=== EXERCISE DESCRIPTION ===
Output the data below only from the line containing "- Közlenen biberleri" up to and including the line containing "EMI/EMC Compliant, 615", exact and with the pictures left out.

=== THE INPUT ===
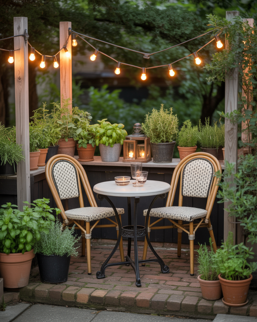 Creating a compact dining nook with café charm works well for small yards using Ideas, a budget, and thoughtful layout touches. A tiny bistro table, string lights, and a few potted herbs turn any space into a relaxed outdoor café. I once saw a couple recreate their favorite brunch spot in under 20 square feet—proof that great outdoor designs don’t require big spaces or big spending.
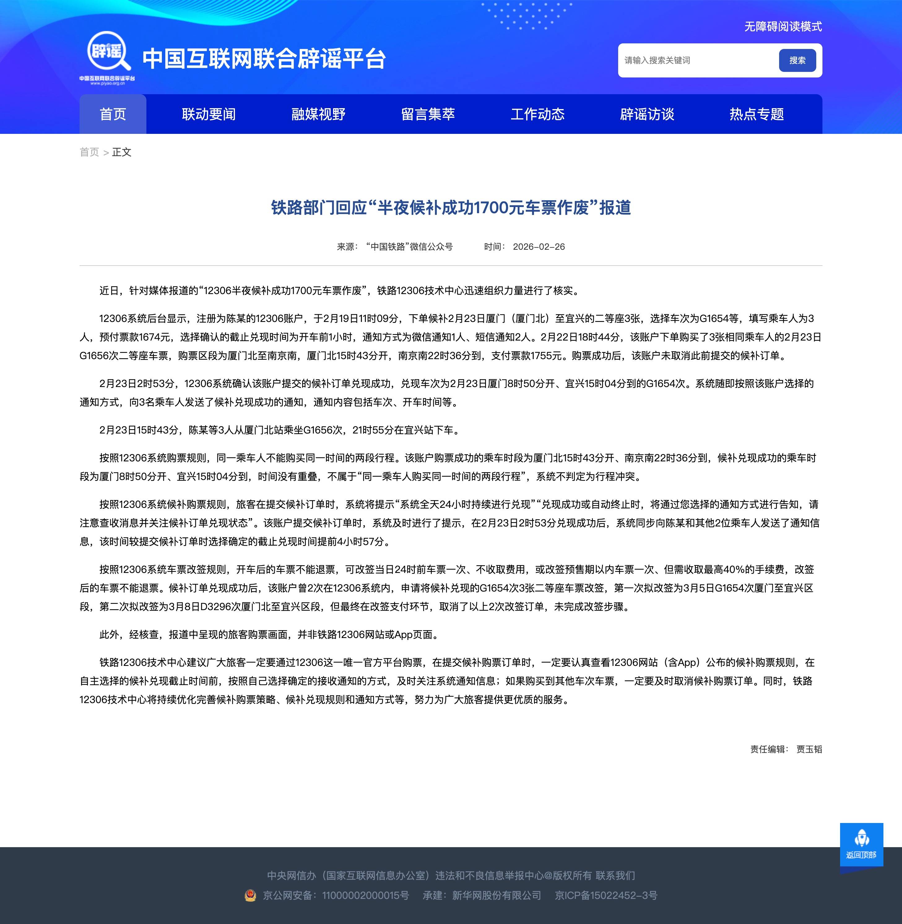 今天,铁部分对网传「三更候补成功 1700 元车票做废」传说风闻进行了回应,称相关报道并不失实。「中国铁」号发布的文章显示,铁 12306 手艺核心对相关订单进行了核查,确认候补流程一般、通知及时,所谓「做废」系误读。铁部分暗示,陈某于 2 月 19 日提交厦门(厦门北)至宜兴的候补订单,并正在 2 月 22 日自行采办了另一趟 G1656 次车票,但未打消候补。系统正在 2 月 23 日凌晨兑现候补订单后,按其选择的体例向 3 名搭车人发送了通知。因为候补车次(G1654)取已购车次(G1656)搭车时段并不堆叠,系统不会鉴定为行程冲突,因而不存正在「从动做废」。铁部分还指出,部门展现的购票界面并非 12306 页面,并提示搭客务必通过渠道购票,若已采办其他车票需及时打消候补订单,免得形成。据磅礴旧事和新京报报道,携程集团今天发布了 2025 年第四时度及全年未经审计财报,并披露董事会取办理层严沉人事情动,两位结合创始人范敏、季琦别离辞任公司董事兼总裁、公司董事职务。2025 年第四时度携程录得其他收入 20。38 亿元,而客岁同期为收入 1。37 亿元;全年其他收入达 213。21 亿元,同比翻近 10 倍,次要源于出售印度正在线旅逛平台「MakeMyTrip」股份所得。若剔除该项影响,携程 2025 年全年停业利润同比增加约 11%。携程 CEO 孙洁正在电线 年焦点 OTA 营业成交额约 1。1 万亿元,此中住宿取机票营业别离贡献约 2800 亿元取 5500 亿元。值得关心的是,携程正在财报中提及,本年 1 月收到国度市场监管总局查询拜访通知,目前查询拜访仍正在进行,公司正全力共同监管部分。
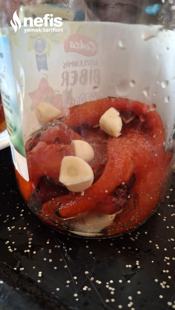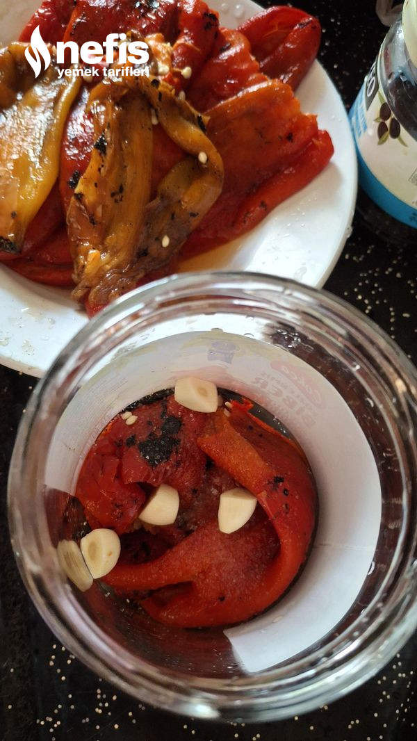 - Közlenen biberleri zeytinyağında saklama kademesi: biberleri közle, kabuklarını ve çekirdeklerini temizle. Şeritler halinde doğra (istersen bütün de bırakabilirsin)
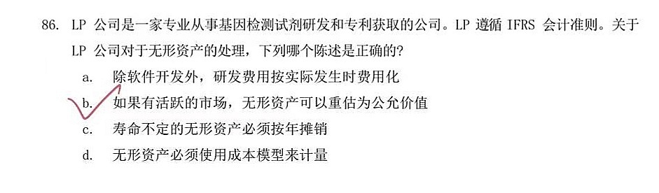 同学你好,(1)这道题目考察的是IFRS与GAAP之间的差异。IFRS对于无形资产:开发成本可以资本化;如果资产交易存在活跃市场,则允许进行重新评估。GAAP对于无形资产:开发成本一般在发生时计入费用;禁止对无形资产进行重新评估。(2)一般按照国内准则,无形资产按照成本计量,B选项是IFRS准则要求,可以根据市场波动,以公允价值对无形资产进行计量。
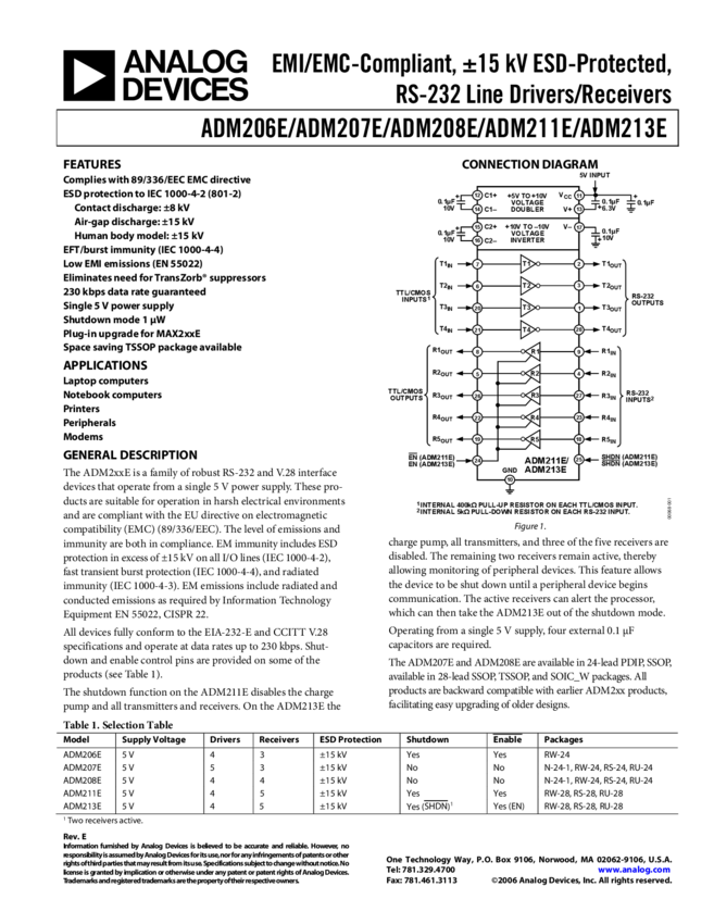 EMI/EMC Compliant, 615 kV ESD Protected, RS-232 Line Driver/Receiver in a 24-Pin SO Package
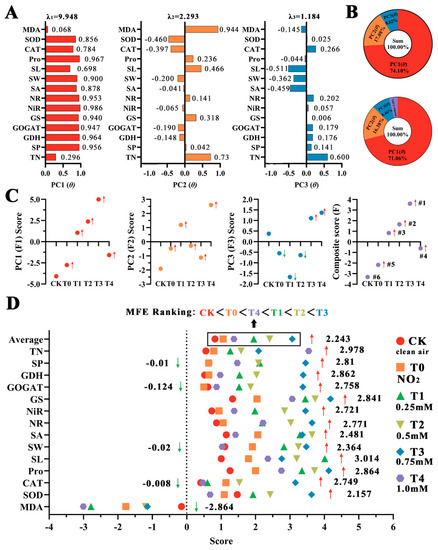 The 14 extracted indicators were standardized and subjected to PCA (Figure 7). Except for CK, all the treatments can be roughly divided into two categories: 1 mM SA and pure NO2 stress (T0) belong to one category, and 0.25–0.75 mM SA (T1-T3) belong to the other category (Figure 7A). There was a significant difference in T0 between CK and the pure stress groups in the control group (Figure 7B). Within SA, 0.25–0.75 mM had more scattered points in the first principal component (PC1), and the treatment of 0.75 mM (T3) was the most significant, while the concentration of 1.0 mM SA (T4) was significantly different from the other three concentrations (Figure 7). This demonstrates the significant difference between the 0.75 mM and 1.0 mM treatments and T0 (Figure 7D). In addition, PCA specifically accounted for 95.895% of the variance in the data (>85%) of the 14 indicators. Three principal components (PC1, PC2, and PC3) with eigenvalues >1 were extracted, with respective eigenvalues of 9.948, 2.293, and 1.184 (Figure 8A). The variance contributions of these components were 71.059%, 16.382%, and 8.455%, respectively (Figure 8B).

=== SOLUTION TO THIS PROBLEM ===
 - Közlenen biberleri zeytinyağında saklama kademesi: biberleri közle, kabuklarını ve çekirdeklerini temizle. Şeritler halinde doğra (istersen bütün de bırakabilirsin)
 同学你好,(1)这道题目考察的是IFRS与GAAP之间的差异。IFRS对于无形资产:开发成本可以资本化;如果资产交易存在活跃市场,则允许进行重新评估。GAAP对于无形资产:开发成本一般在发生时计入费用;禁止对无形资产进行重新评估。(2)一般按照国内准则,无形资产按照成本计量,B选项是IFRS准则要求,可以根据市场波动,以公允价值对无形资产进行计量。
 EMI/EMC Compliant, 615 kV ESD Protected, RS-232 Line Driver/Receiver in a 24-Pin SO Package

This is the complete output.